Tom and I also had an enlightening discussion on the politics of whiskey. We were talking about what makes something Irish whiskey. It began with a discussion of single malt whiskeys and whether or not there are any true Irish single malts. That discussion is yet to be settled. I suggested that Bush Mills, which creates a number of single malts, was an Irish whiskey. Tom and the proprietor of the Inn told me in no minced words, that it is not Irish. It is protestant. The Bush Mills distillery, located in the North, refused to hire Catholics. They were in fact very hostile toward the same. For that reason, many people in the Republic still refuse to buy or serve the stuff. Hmmm. More on this later too, I am sure.

Yesterday, while I was still in my jet lagged stupor, we also saw a church, that had a big stone carving of Sile Na Gig (pronounced - sheela na geeg) on the side, over where the main door would have been.

Sile Na Gig is a goddess of fertility. The churches would sometimes bring her into church architecture, to lure in the pagans to reassure them that this was just a new way to look at their gods.

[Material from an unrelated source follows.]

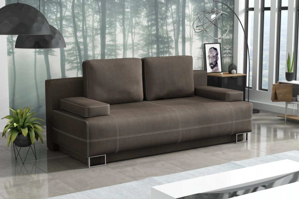 Pohovka Timmy je krásná a elegantní pohovka, která výborně zapadne do každého interiéru. Pohovka je velmi pohodlná a praktická. Praktickou stránkou pohovky je možnost rozložení - jednoduchým rozložením pomocí automatu vznikne dostatečně prostorné lůžko občasnému přespání Vaší návštěvy a samozřejmostí je také nepostradatelný úložný prostor. Pohodlí při sezení zajišťuje výpň sedáku, kterou tvoří pružiny bonell a kvalitní PUR pěna. Pohovka je potažena kvalitní voděodolnou látkou. Látka je velmi příjemná na dotek a lehce se čistí, což jistě ocení rodiny s malými dětmi nebo zvířaty. Pohovku nabízíme v několika trendy odstínech. Vyobrazené dopňky a dekorace nejsou v ceně.
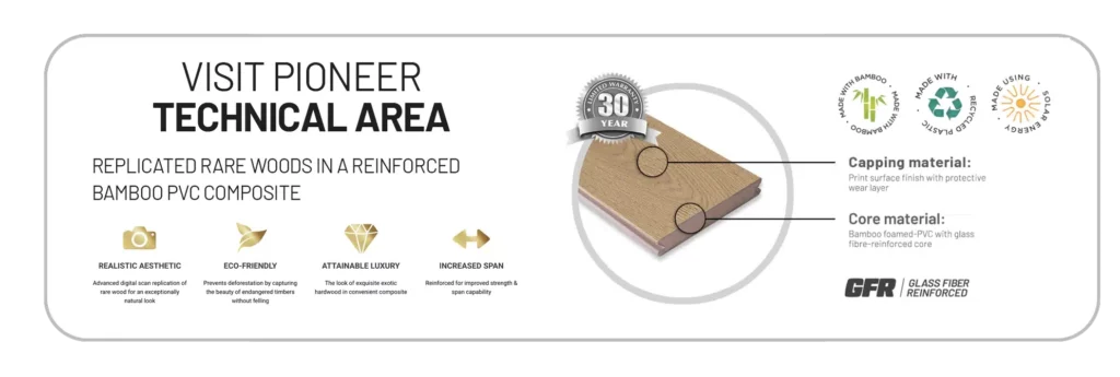 Pioneer redefines what composite decking is by capturing the soul and beauty of hardwoods in every grain and hue. Engineered with next-generation technology, it delivers the timeless look of natural timber for decades to come.

At the same church we visited, there was a unique cross on the side. It is a Coptic Cross. The Coptic Christians from the Middle East came to Ireland and brought with them a lot of knowledge of healing and medicine. They started hospitals. And the sign on their hospitals was a snake wrapped around the Coptic Cross. Tom tells me that this is part of how the Caduceus was born, from the Coptic symbol. And furthermore (Now this will be really tough for some to read I am sure), St. Patrick did not drive snakes as a species out of Ireland. There is no record geologically of snakes being here in the first place. Even if they were here before the separation of Pangaea (the original one big continent that split through tectonic movement into the ones we have now) the last ice age would have wiped them out. Not, St. Patrick. He was a jealous evangelizer and wanted no competition. He drove out the Coptic Christians! And with them, the most advanced healers that Ireland would see for centuries. It was the snake symbol of the Coptics that became immortalized in legend as being driven from Ireland. When in fact, it was other Christians. Interesting eh?

After our sing around tonight, we closed the day with a pint in the pub at the inn. I got to know a few of the staff. Pavel is from the Czech Republic, and is here in Ireland for work. He will join his girlfriend in Thailand, until she finishes here contract there in 2 months, and then they will be off to Malaysia then back to he Czech republic in the late spring perhaps. I found out the minimum wage in Ireland is nearly $12.50 per hour US. Whats ours? $5.45?

Another staff member, Aaron, is a native of Dingle. A really pleasant 24 year-old fellow, he will be here for a few more weeks as well, and then he will go to India for the winter. I learned from him how to spell my name in Irish. Seosaimh. (It is pronounced: Sho-seph).